I can go onto LinkedIn any day I like, and find my client's Indian consultants and staff saying things about Muslims which would have them arrested in the Europe. LinkedIn isn't interested, and yet our banks and other large corps continue the migration of their operations to a proto-fascist country.
Lovely.
They can put probes on the moon but the Hindutva doctrine of karma means there is no point in trying to ease poverty because it was predestined. So those kids sleeping under the flyover in Gurgaon / Gurugram next to the shopping centre where the car park is bursting with Mercedes, just have to suck it up because... karma.

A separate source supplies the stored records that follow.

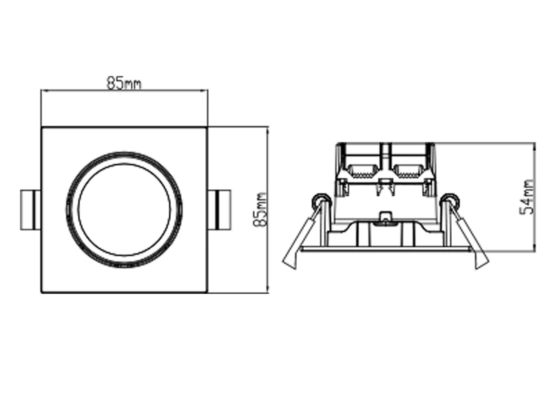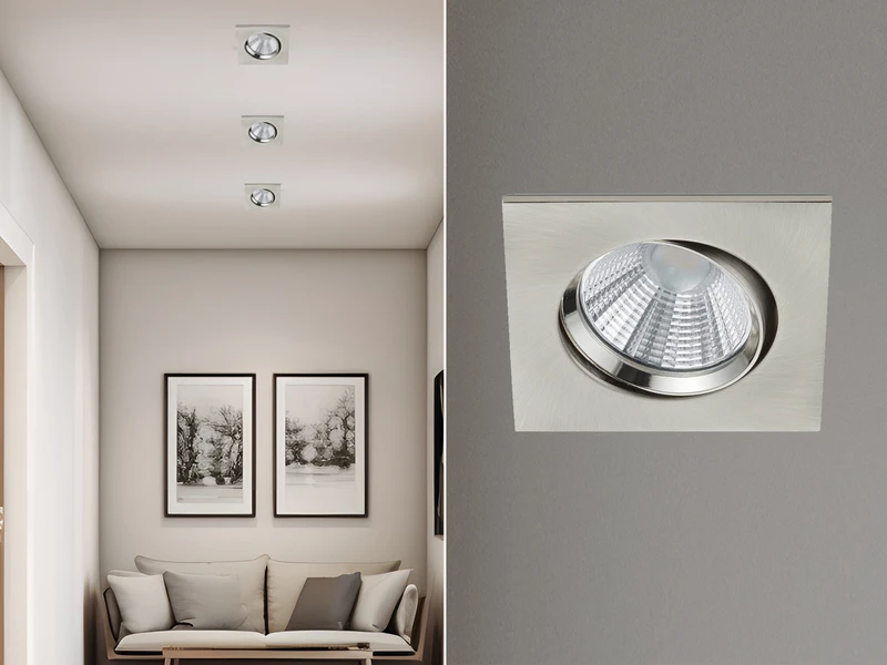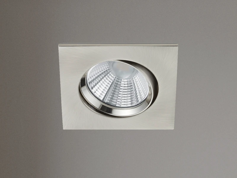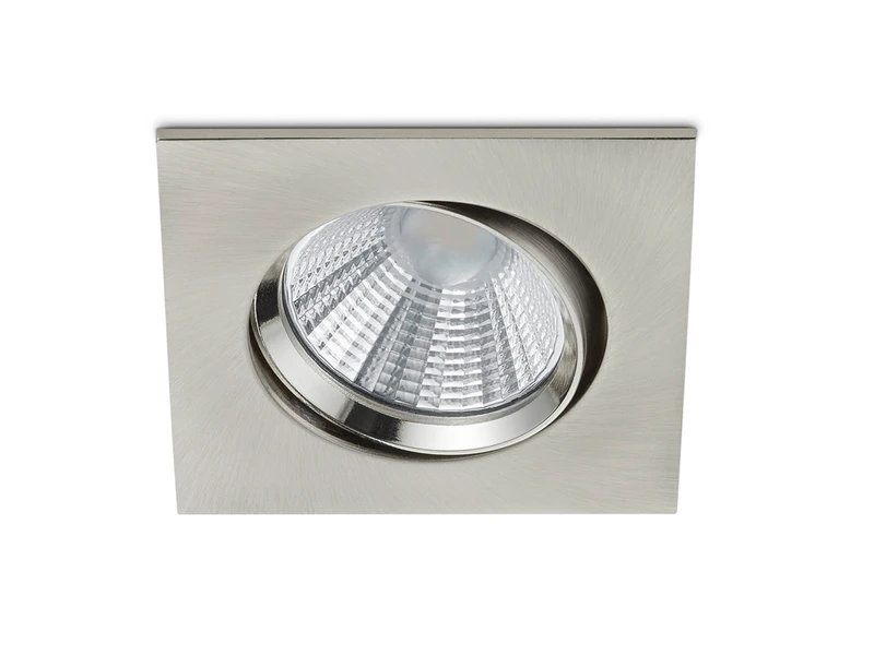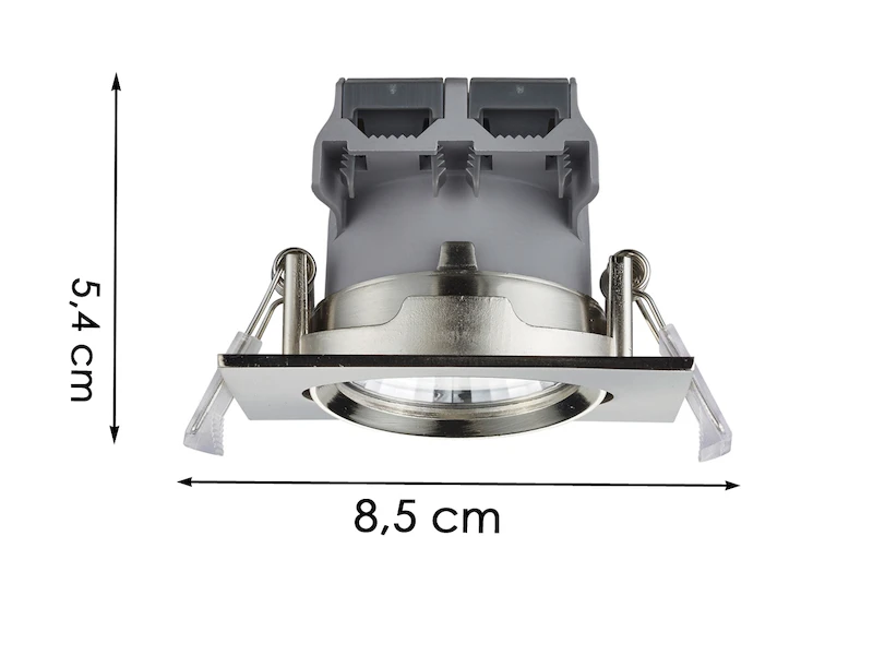 Gefertigt ist der Strahler aus Nickel mattem Metall. Der eckige Spot hat eine Größe von 8,5 x 8,5 cm sowie eine Einbautiefe von 6,8 cm und lässt sich individuell ausrichten.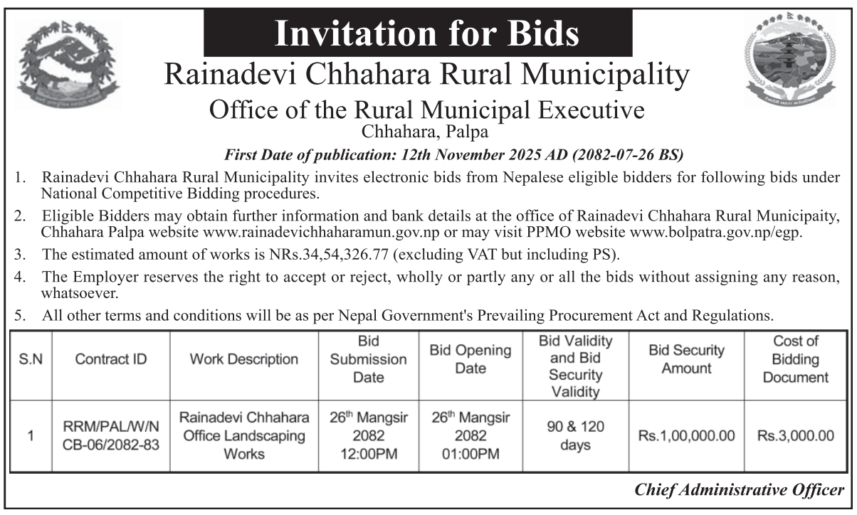 बोलपत्र आह्ववान सम्बन्धी सूचना
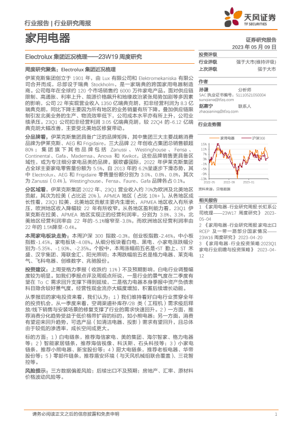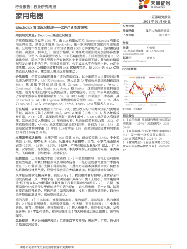 【天风证券】【20230509】家用电器23W19周度研究:Electrolux集团近况梳理-14页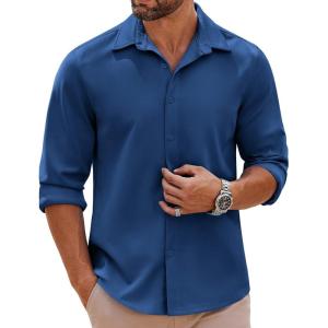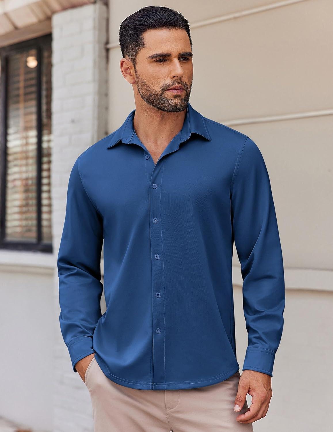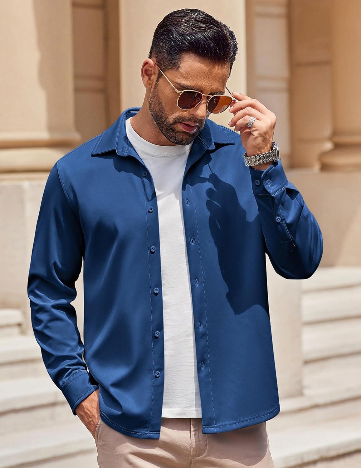 COOFANDY Mens Long Sleeve Button Down Shirts Wrinkle Free Untucked Shirts Casual Dress Shirt for Men(Blue)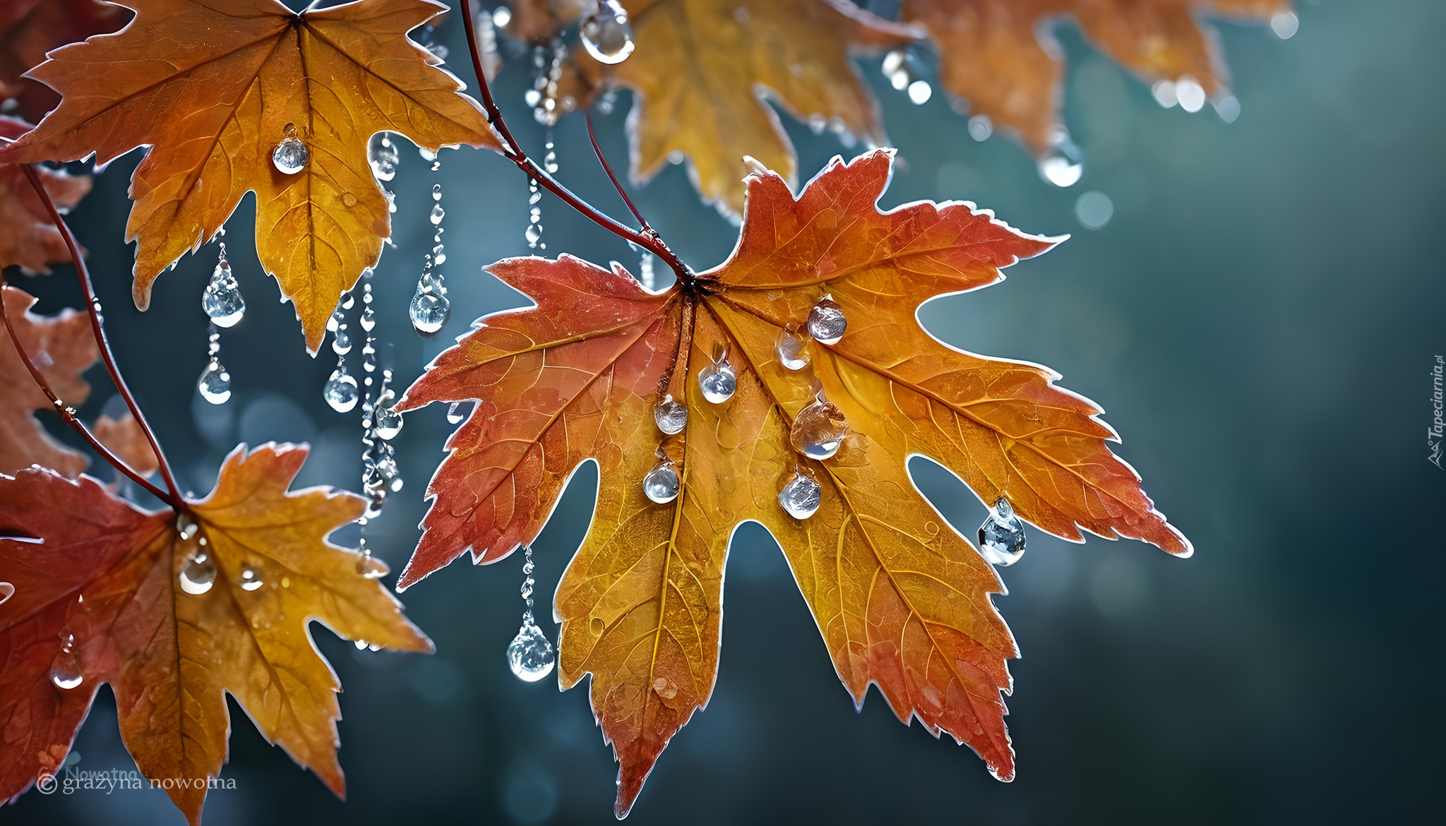Edytor tapety: Krople na pożółkłych jesiennych liściach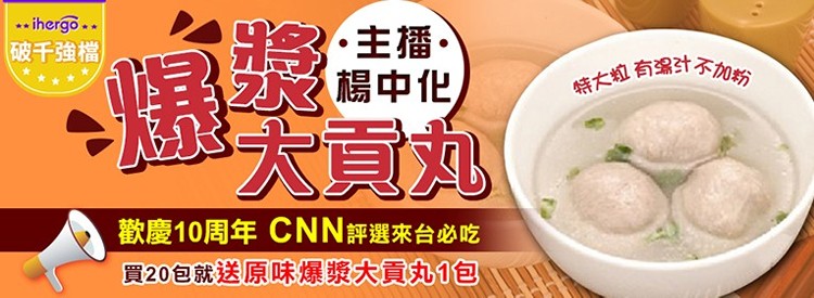 5/29(三)到貨 楊中化爆漿大貢丸主購禮大放送!特大粒、有湯汁、不加粉,7天賣出15萬顆!更是CNN評選-來台必吃的台灣美食!  | [大合購] 主播楊中化爆漿大貢丸 ❖ 台灣團購第1名的貢丸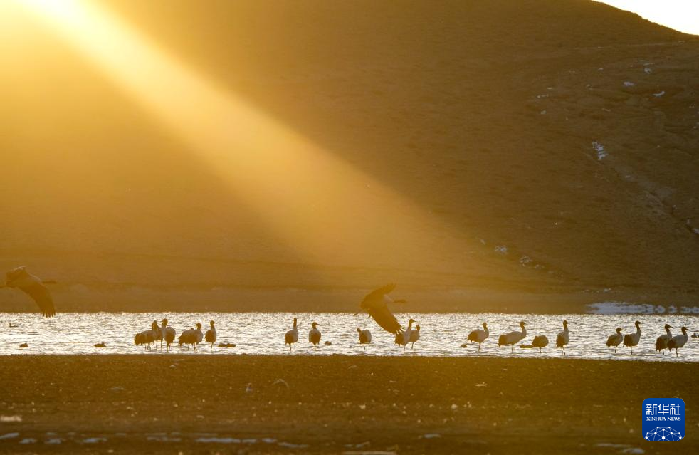 2月20日清晨,第一縷陽光照耀在西藏拉薩市林周縣越冬的黑頸鶴身上。新華社記者 晉美多吉 攝?
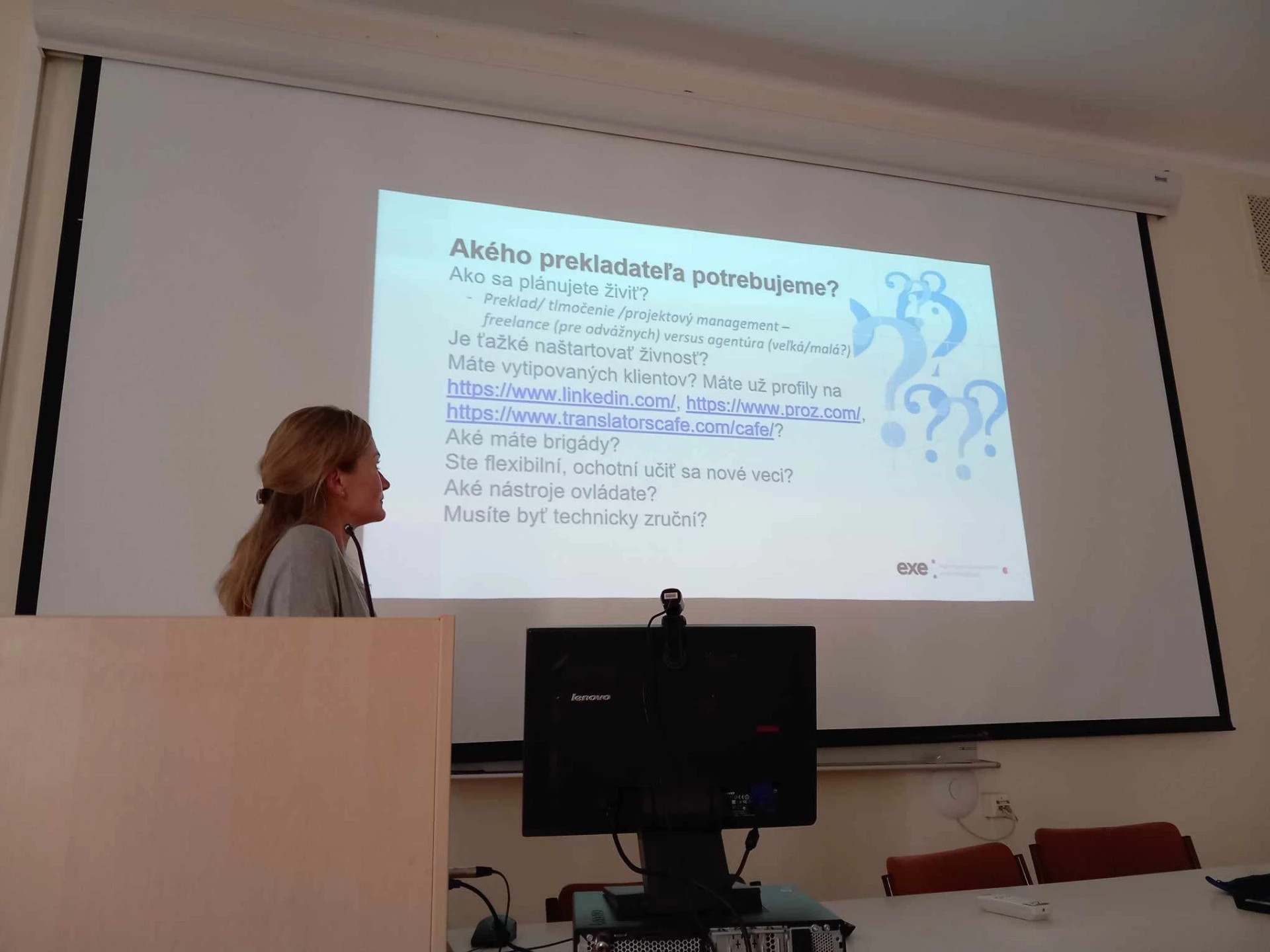 On February 29, the Association presented itself at the invitation of doc. Mgr. Pavel Šveda PhD. to second-year students at the Department of English Studies, Faculty of Arts, Comenius University in Bratislava. K. Absolonová from ASAP-translation.com explained what it means to be a professional company, vendor manager Z. Kolejákova from exe informed the students about the conditions for cooperation with future translation graduates, and M. Kmeť from Otago gave a captivating account of the life cycle of a translation project, from request to delivery. The lecture was met with lively interest from the students. They also asked about internship opportunities.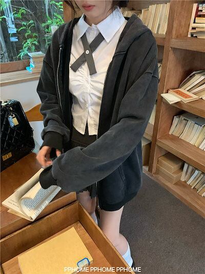 2024 秋冬 韓国 かわいい レディース 裹起毛 フード付きフーディーブルゾン羽織り加工長袖シルエットトップスコーデ冬カジュアルファッション系サイズフル丈トラック女子ルーズアウターに合うスウェット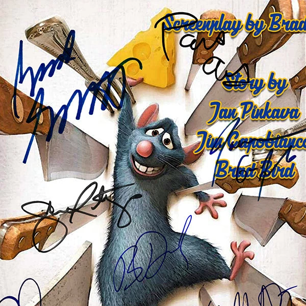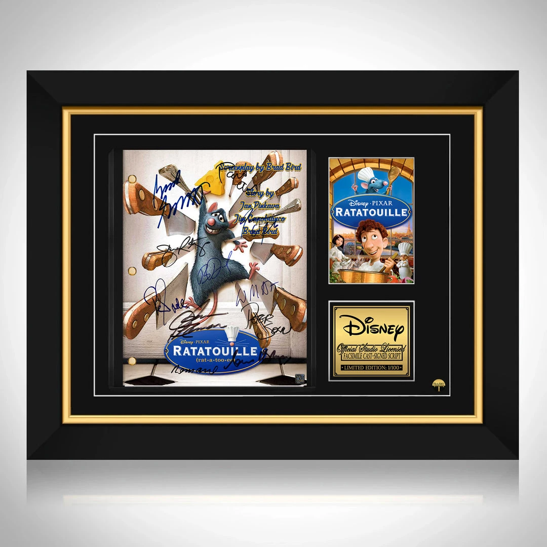 Pay homage to Ratatouille , with this Walt Disney Studio fully licensed facsimile of the official signed movie script, originally signed by actors Patton Oswalt, Ian Holm, Lou Romano, Janeane Garofalo, Brad Garrett, Peter OโToole, Brian Dennehy, Peter Sohn, Will Arnett, James Remar & John Ratzenberger , of which is strictly limited to 100 units Worldwide and has been approved and numbered accordingly.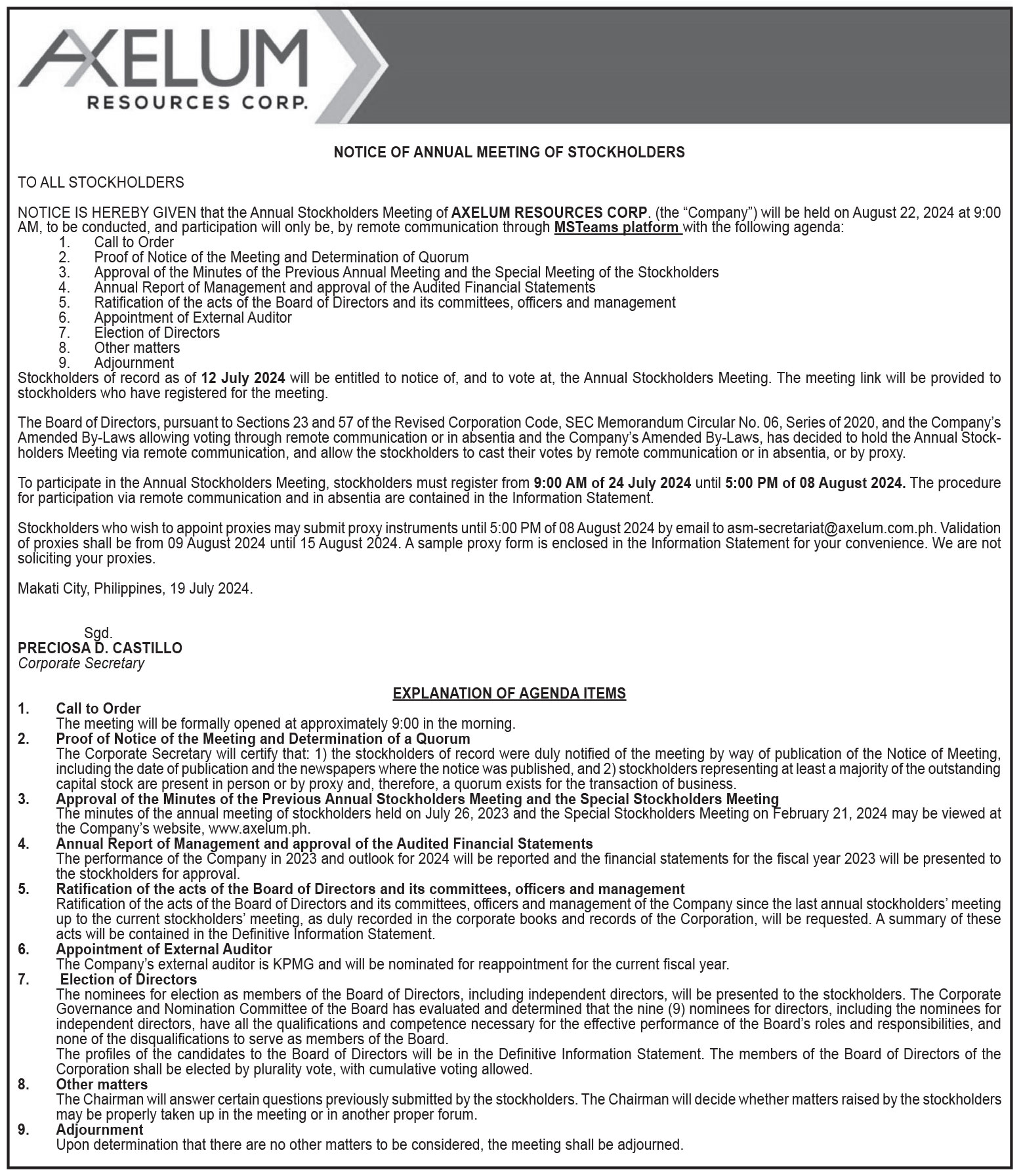 FacebookInstagramTwitterYoutube Wednesday, October 22, 2025 SEARCH Subscribe Home Business Business News World Business Corporate News Market Makers Marketing Board Shipping & Transportation News National News International News Sports Baseball Basketball Billiard Boxing Football Golf Olympics Other Sports Sea Games Tennis Volleyball Lifestyle Arts Columns Fashion Food Health Home Living Entertainment Columns Movies Music/Concert/Shows Spotlight TV/Streaming Opinion Column of the day Editorial Cartoon Editorial Opinion of the day Weekly Features Banking & Finance Torque & Power Alternative Fuel/Electric Vehicles Commercial Vehicles Luxury Cars Motorcycles Test Drives Infotech & Electronics Appliances/Electronics Constructioneering Cybersecurity/Privacy e-Commerce e-Sports/Gaming Fintech/Crypto Gadgets Imaging Printed Circuit Science and Technology Socmed Tech Industry Tech This Week Tech People Property Travel & Tourism Special Features Anniversary Issues 42nd Anniversary Section C Section D Section E Section F Section G Section H 41st Anniversary Supplement 40th Anniversary Report 39th Anniversary Report 38th Anniversary Report Supplements Branded Content Notices Uncategorized NOTICE OF ANNUAL MEETING OF STOCKHOLDERS: Axelum Resources Corp. By ___ July 24, 2024 8:06 AM Updated: July 24, 2025 4:07 PM Share FacebookTwitterPinterestWhatsApp Asia Event Group Inc. launches Aftermarket Expo Asia 2025: A premier platform for innovation and growth in the automotive sector October 2, 2025 Fight vs. illegal gambling gets boost with ₱50M PAGCOR grant to NBI October 2, 2025 NUSTAR Online joins as major sponsor of RED Charity Gala 2025, championing fashion, philanthropy, and Filipino ingenuity October 2, 2025 Nestlé Wellness Campus promotes the importance of nutritious breakfast and healthy habits during Better Breakfast Month October 2, 2025 PlayTime CARES: Strengthening communities and supporting Government for nation-building October 2, 2025 Share FacebookTwitterPinterestWhatsApp Previous articleFROM A BUG CALLED C-00000291*.SYS: Windows broken into due to a CrowdStrike errorNext articleConverge launches Internet Scholarship Program for under-resourced students - Advertisement - - Advertisement - E-Paper More Stories NUSTAR Online joins as major sponsor of RED Charity Gala 2025, championing fashion, philanthropy, and Filipino ingenuity Nestlé Wellness Campus promotes the importance of nutritious breakfast and healthy habits during Better Breakfast Month Load more Related Stories Marlon Magtira, Digital Editor - September 25, 2025Bersamin denies involvement in alleged P2.8B project kickback scheme Gerard Naval - September 17, 2025Comelec proclaims Gabriela party-list to House seat ... - August 20, 2025Alas Pilipinas nearing mission Load more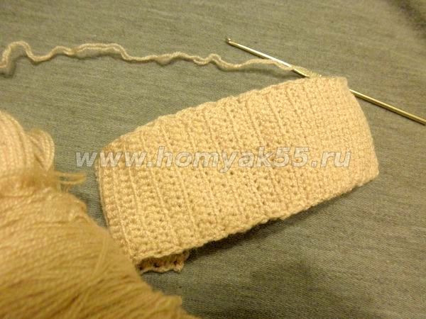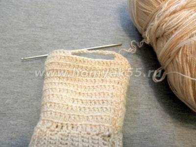 Начинаем вязание с манжеты. Будем имитировать резинку с помощью столбиков без накида, связанных за заднюю стенку. В отличие от вязания на спицах, такая «резинка» вяжется вдоль запястья.

Of course in Britain our version of that is that if we make the billionaires richer then the poor will benefit.
Same end point.
My criticism of Indian fascism - let's call it what it is - isn't British. It's international, left wing solidarity against fascism. I'm an equal opportunities wealth-disparity hater, hence my inclusion of the British version. Modi just represents a recent version of a very old and bad story.
Back in the 1990s, I used to work for British Airways as a contractor in IT. Then along came the fashion for huge companies to contract out everything that wasn't part of their "core business" so BA contracted out its entire IT dept to one of the big Indian IT specialists; I don't know which one.
That always seemed to me to be a massive mistake as once done, it would be almost impossible to undo. There's no way they could take it back in house if things went wrong and even moving from one sub-contractor to another would be fraught with difficulty and huge risk!
I think selling one's soul to the devil is a reasonable simile!
@Paulos_the_fog
I'm a yank, but I used to work for the largest of these Indian contractors. I can say that I highly doubt anyone has saved any money in the long run this way.
It's remarkably similar to having your own non-core IT dept however, as the quality and costs are about the same (read: not great),
but you gain dubious advantages such as "laying them off doesn't look bad" and "stock goes up immediately"
@Geri @zleap
Most of BA's IT dept was run by contractors anyway! The permanent salaries weren't high enough to attract top notch candidates.
I was offered a permanent job when I worked there as contractor; had I accepted, it would have meant going from £90,000 a year as a contractor to £32,000 a year as a permie; not a very attractive proposition!
@zleap The area, I believe, is already economically surpressed.